Policymakers can get an idea of how well mandatory health insurance would work to reduce the number of uninsured by looking at another type of mandated coverage. Consider:

* All but three states mandate automobile insurance, but 14.6 percent of America's drivers remained uninsured in 2004, according to the Insurance Research Council.
* No state mandates health insurance, but 17.2 percent of the population lacked health coverage in 2004, according to the Employee Benefit Research Institute.
* In 17 states, the uninsured rate for auto is higher than for health.

This is a remarkable finding considering that driving is a voluntary activity and enforcement is relatively easy—making people show proof of insurance when they register their cars.

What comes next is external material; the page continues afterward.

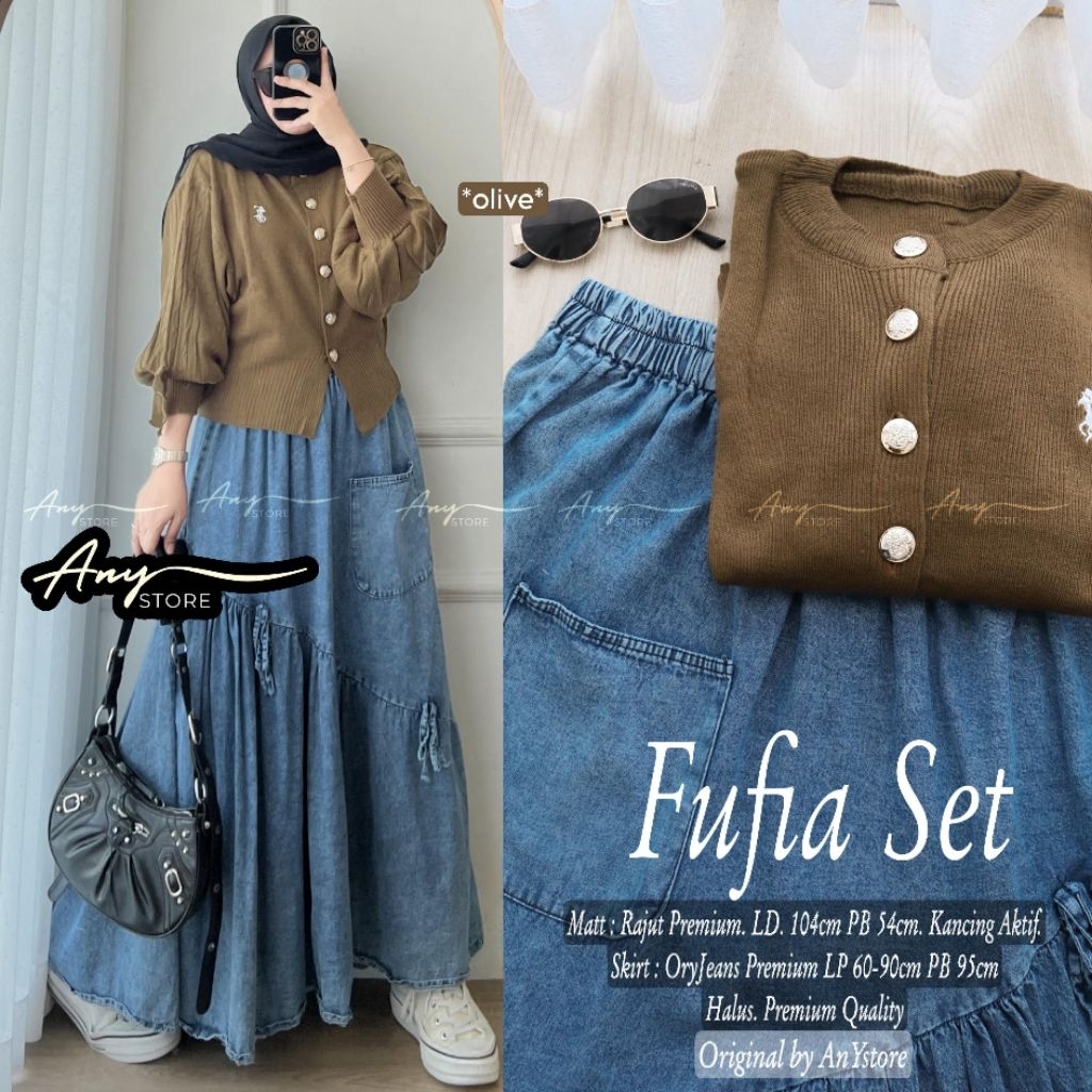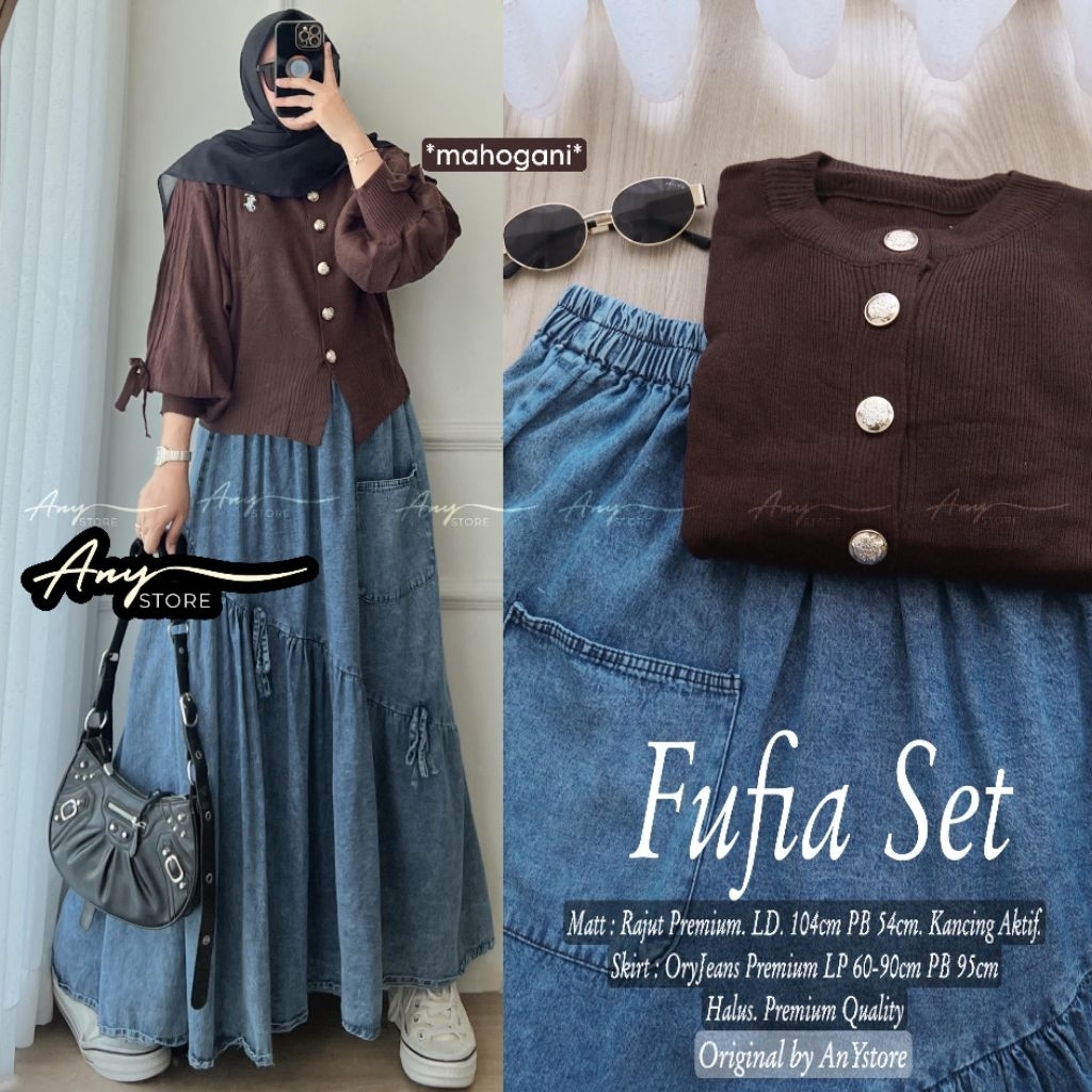fufia one set rok jeans by A.N.Y blouse knit premium rok panjang jeans one set wanita kekinian setelan levis wanita terbaru cardigan knit blouse rajut korean style atasan rajut full kancing

Higher punishment rates for failure to do so don't seem to correspond with increased purchase of auto insurance; the study finds that

most of the variations between the states for both types [auto and health] of insurance could be explained by two variables: 1) the rate of poverty in the state and 2) the level of health care costs in the state. No other variable was statistically significant. Specifically, they found:

* A 10 percent increase in the poverty rate was associated with a 7.4 percent increase in the uninsured rate for auto and a 7.1 percent increase in noninsurance for health.
* A 10 percent increase in the cost of health care was associated with an 11 percent decline in the uninsured rate for auto and an 8.5 percent decline for health.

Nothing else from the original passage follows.